**EXERCISE INSTRUCTIONS**
Nothing but the lines below between the line holding "Il primo incontro" and the line holding "Invariants of general", inclusive, should appear in the answer, each set down exactly.

----- LISTED RECORDS -----

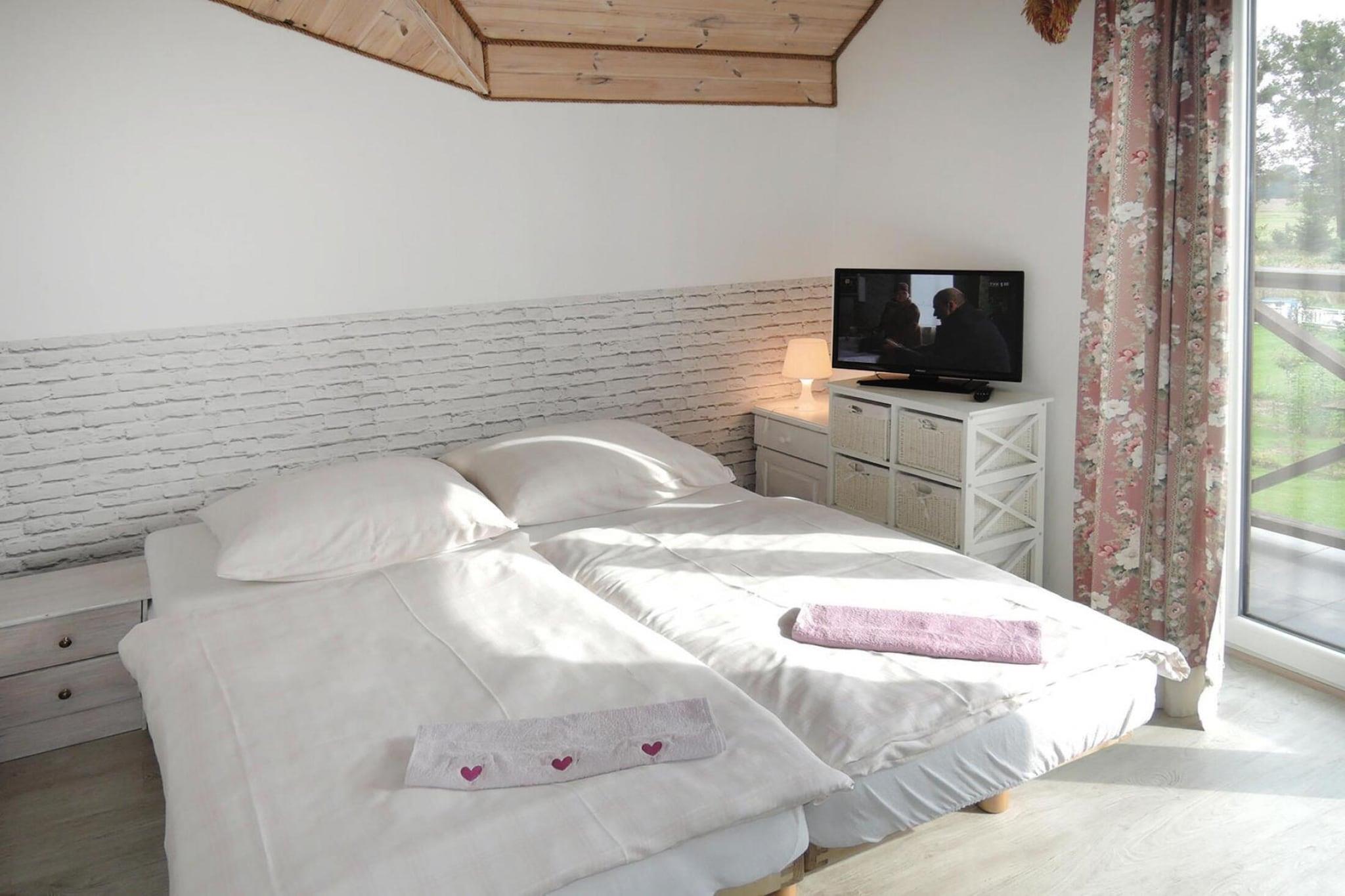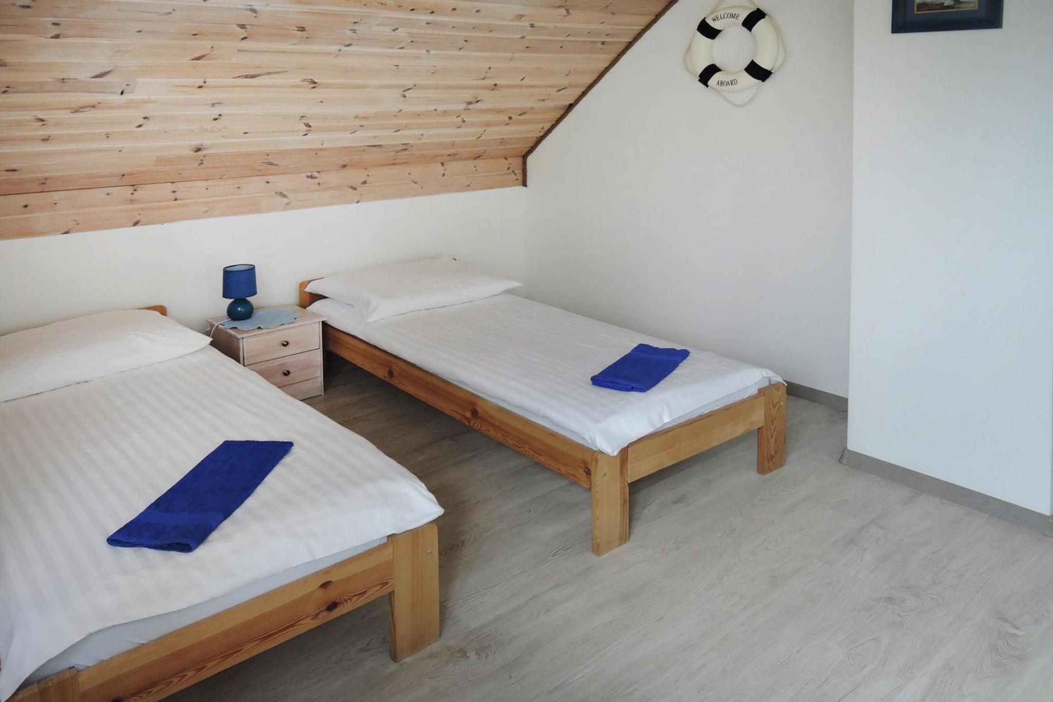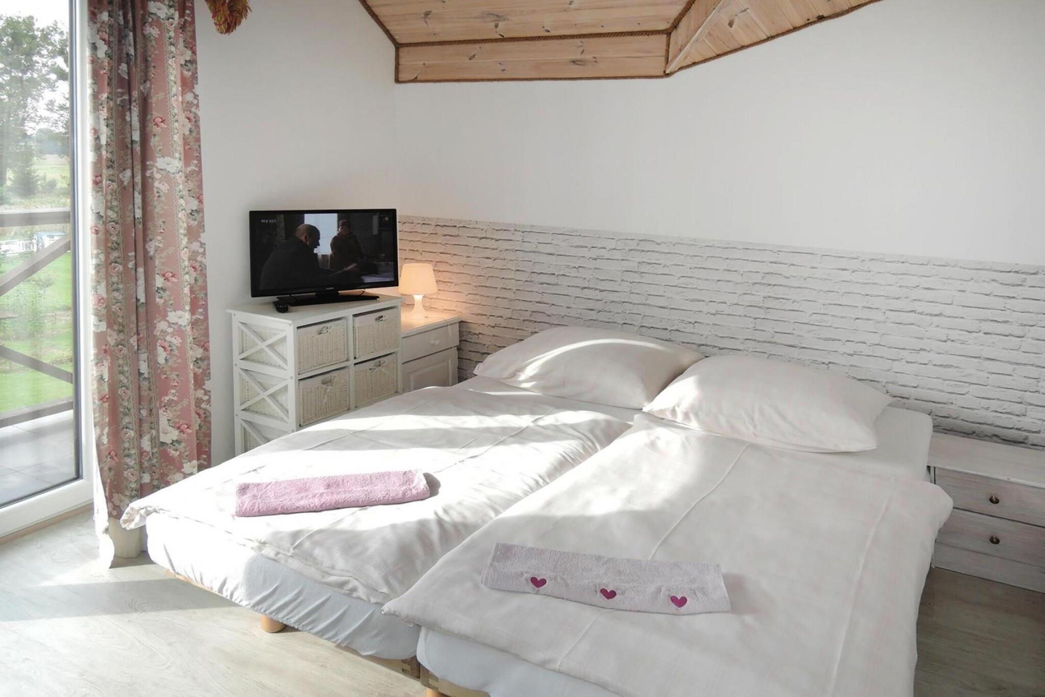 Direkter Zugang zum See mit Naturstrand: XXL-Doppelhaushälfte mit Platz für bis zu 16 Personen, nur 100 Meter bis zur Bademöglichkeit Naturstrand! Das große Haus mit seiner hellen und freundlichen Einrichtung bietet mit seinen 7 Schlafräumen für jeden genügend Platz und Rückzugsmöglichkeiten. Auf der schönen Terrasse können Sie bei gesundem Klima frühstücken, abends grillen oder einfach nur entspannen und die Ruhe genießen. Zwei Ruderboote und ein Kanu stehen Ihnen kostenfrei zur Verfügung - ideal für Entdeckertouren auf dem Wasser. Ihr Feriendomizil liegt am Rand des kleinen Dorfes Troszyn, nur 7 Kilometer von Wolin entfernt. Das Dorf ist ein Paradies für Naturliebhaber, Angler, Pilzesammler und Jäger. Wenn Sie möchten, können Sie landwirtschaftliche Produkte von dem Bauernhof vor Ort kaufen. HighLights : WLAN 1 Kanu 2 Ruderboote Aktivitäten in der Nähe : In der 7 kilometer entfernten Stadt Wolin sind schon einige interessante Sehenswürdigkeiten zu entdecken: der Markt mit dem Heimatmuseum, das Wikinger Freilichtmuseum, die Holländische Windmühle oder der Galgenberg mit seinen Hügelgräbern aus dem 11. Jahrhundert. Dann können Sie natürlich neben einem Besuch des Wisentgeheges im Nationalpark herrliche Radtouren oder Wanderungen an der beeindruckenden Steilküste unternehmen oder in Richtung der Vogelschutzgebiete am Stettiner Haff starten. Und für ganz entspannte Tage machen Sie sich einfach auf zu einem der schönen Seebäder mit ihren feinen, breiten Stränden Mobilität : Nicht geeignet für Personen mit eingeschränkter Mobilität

-----
----- LISTED RECORDS -----

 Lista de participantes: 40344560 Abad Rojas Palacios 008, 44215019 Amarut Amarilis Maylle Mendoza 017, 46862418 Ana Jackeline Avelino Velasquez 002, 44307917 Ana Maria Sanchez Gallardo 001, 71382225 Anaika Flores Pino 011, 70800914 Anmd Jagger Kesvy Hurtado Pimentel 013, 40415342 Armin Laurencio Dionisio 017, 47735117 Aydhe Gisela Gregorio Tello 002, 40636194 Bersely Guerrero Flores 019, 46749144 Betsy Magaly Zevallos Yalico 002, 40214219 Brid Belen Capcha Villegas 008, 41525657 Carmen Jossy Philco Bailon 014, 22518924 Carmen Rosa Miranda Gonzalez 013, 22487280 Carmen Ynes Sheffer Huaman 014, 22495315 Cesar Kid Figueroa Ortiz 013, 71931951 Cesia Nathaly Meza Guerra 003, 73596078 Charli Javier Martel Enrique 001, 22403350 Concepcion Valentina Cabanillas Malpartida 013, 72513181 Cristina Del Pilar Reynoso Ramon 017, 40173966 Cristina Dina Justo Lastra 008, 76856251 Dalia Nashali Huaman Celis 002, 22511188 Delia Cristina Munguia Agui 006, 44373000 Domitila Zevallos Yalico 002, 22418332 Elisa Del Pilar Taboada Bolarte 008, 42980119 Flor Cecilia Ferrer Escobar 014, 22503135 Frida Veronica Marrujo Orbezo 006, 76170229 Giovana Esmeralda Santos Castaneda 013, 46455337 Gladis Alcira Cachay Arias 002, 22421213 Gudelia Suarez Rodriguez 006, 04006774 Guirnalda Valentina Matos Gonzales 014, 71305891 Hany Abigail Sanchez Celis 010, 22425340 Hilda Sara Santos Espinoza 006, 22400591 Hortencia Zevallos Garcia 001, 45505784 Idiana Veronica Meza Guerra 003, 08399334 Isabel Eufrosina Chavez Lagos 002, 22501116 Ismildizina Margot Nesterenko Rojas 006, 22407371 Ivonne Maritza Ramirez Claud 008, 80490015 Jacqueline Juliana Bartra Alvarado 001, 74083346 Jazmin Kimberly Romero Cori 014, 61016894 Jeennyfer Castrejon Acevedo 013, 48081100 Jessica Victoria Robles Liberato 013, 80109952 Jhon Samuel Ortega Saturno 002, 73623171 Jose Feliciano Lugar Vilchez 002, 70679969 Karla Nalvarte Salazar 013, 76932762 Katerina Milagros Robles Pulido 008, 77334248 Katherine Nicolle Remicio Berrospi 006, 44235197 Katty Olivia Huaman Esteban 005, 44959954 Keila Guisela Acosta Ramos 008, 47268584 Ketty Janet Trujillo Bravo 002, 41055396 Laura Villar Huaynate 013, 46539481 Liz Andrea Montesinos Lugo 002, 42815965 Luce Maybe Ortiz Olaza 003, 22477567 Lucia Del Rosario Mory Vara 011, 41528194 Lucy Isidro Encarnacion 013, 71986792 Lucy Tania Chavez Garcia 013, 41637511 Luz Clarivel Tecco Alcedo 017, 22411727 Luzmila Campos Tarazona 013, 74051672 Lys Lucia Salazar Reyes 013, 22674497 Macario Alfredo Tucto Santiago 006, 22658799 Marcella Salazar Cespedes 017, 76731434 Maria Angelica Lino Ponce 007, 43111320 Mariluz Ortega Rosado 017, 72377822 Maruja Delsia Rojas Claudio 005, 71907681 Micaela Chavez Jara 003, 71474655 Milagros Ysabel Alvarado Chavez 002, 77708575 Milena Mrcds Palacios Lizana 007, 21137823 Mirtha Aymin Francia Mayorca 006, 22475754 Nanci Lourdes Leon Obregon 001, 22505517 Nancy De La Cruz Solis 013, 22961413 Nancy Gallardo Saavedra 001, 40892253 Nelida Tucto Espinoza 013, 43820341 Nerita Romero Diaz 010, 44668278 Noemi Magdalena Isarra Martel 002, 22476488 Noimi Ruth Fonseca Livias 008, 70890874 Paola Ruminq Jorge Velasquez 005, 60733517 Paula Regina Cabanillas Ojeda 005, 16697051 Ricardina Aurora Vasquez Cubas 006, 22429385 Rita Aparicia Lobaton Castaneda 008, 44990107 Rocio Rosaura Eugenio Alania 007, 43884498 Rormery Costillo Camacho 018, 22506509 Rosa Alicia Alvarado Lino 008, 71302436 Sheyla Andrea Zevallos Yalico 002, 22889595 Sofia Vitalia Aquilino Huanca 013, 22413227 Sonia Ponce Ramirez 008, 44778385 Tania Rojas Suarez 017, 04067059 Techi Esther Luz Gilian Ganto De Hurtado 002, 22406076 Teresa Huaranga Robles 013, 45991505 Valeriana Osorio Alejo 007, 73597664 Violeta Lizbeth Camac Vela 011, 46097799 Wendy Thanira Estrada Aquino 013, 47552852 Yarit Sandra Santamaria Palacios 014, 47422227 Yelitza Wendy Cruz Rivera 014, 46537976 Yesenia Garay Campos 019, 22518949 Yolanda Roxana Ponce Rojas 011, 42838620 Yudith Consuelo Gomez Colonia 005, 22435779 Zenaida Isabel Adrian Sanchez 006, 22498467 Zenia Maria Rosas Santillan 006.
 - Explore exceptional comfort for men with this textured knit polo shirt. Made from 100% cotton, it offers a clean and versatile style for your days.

-----
----- LISTED RECORDS -----

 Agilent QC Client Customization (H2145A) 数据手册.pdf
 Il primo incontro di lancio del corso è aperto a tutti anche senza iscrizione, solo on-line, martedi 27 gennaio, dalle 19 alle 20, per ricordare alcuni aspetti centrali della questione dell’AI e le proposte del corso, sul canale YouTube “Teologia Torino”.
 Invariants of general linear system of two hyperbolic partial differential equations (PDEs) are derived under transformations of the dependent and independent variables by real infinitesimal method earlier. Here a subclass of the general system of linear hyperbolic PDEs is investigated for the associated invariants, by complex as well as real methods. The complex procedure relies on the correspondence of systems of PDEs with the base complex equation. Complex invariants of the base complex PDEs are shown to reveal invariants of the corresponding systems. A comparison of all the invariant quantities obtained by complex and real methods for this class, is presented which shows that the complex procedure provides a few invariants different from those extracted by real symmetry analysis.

-----

**ANSWER**
 Il primo incontro di lancio del corso è aperto a tutti anche senza iscrizione, solo on-line, martedi 27 gennaio, dalle 19 alle 20, per ricordare alcuni aspetti centrali della questione dell’AI e le proposte del corso, sul canale YouTube “Teologia Torino”.
 Invariants of general linear system of two hyperbolic partial differential equations (PDEs) are derived under transformations of the dependent and independent variables by real infinitesimal method earlier. Here a subclass of the general system of linear hyperbolic PDEs is investigated for the associated invariants, by complex as well as real methods. The complex procedure relies on the correspondence of systems of PDEs with the base complex equation. Complex invariants of the base complex PDEs are shown to reveal invariants of the corresponding systems. A comparison of all the invariant quantities obtained by complex and real methods for this class, is presented which shows that the complex procedure provides a few invariants different from those extracted by real symmetry analysis.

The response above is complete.